Industry
Online Lending
Use Cases
Credit scoring
Automation and efficiency
About
Solventa is the leading Fintech provider of immediate loans in Colombia, Peru and Mexico. It qualifies individuals and SMEs in minutes, facilitating greater financial inclusion across those countries
Before SEON
With SEON
Challenge
For Solventa and other companies in the consumer lending sector, the impact of fraud is widespread. Fraudsters are constantly attempting to steal IDs and impersonate customers to secure a loan they won’t repay.
Therefore, Solventa needed to identify potential fraudsters, without adding unnecessary onboarding friction which could slow down its rapid loan disbursements – a key factor in its service.
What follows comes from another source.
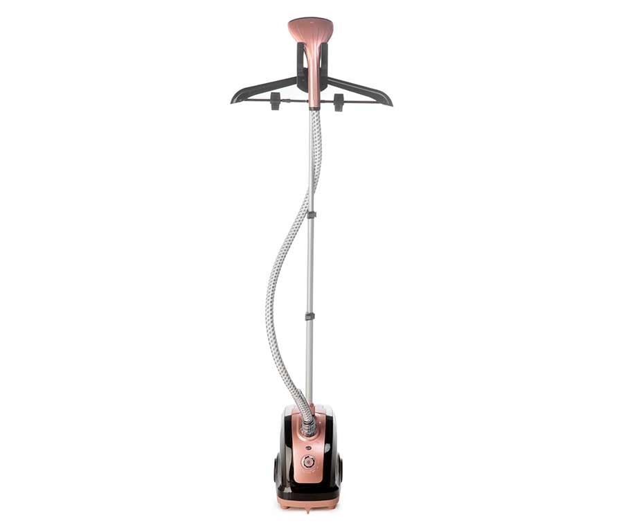 De krachtige stoom van deze staande en draagbare kledingstomer en -reiniger verwijdert kreukels uit kleding, gordijnen, banken, beddengoed en meer.

Solventa also knew there was a large market for under/unbanked individuals which alternative data would be able to provide a background for, along with data for determining risk/ratio of likelihood to default on payments.
Solution
By implementing SEON’s rapid real-time API module Solventa could check its customer’s social and digital footprint with only their phone, email, or IP address. With it, Solventa gained insight into its customer’s financial stability and therefore risk of default or fraud.
Solventa also applied SEON’s in-depth custom risk scoring system to its customers. Immediately opting to accept them for a loan, or to be reviewed if the likelihood of fraud or default was high.
We are currently implementing SEON into our Credit scoring flow as an added ID and security step. Other key variables, especially those associated with email registration and phone history dates, serve as credit predictors as well.
Lucrecia Vera
Partner at Solventa
By using alternative credit data from SEON’s email and phone lookup, Solventa can see whether a loan applicant has any of the 90+ social and digital accounts, such as LinkedIn, Facebook or AirBnB. This gives a strong indication of whether they are either a fraudster who is using fake details, or a legitimate person who has a lack financial means to repay the loan.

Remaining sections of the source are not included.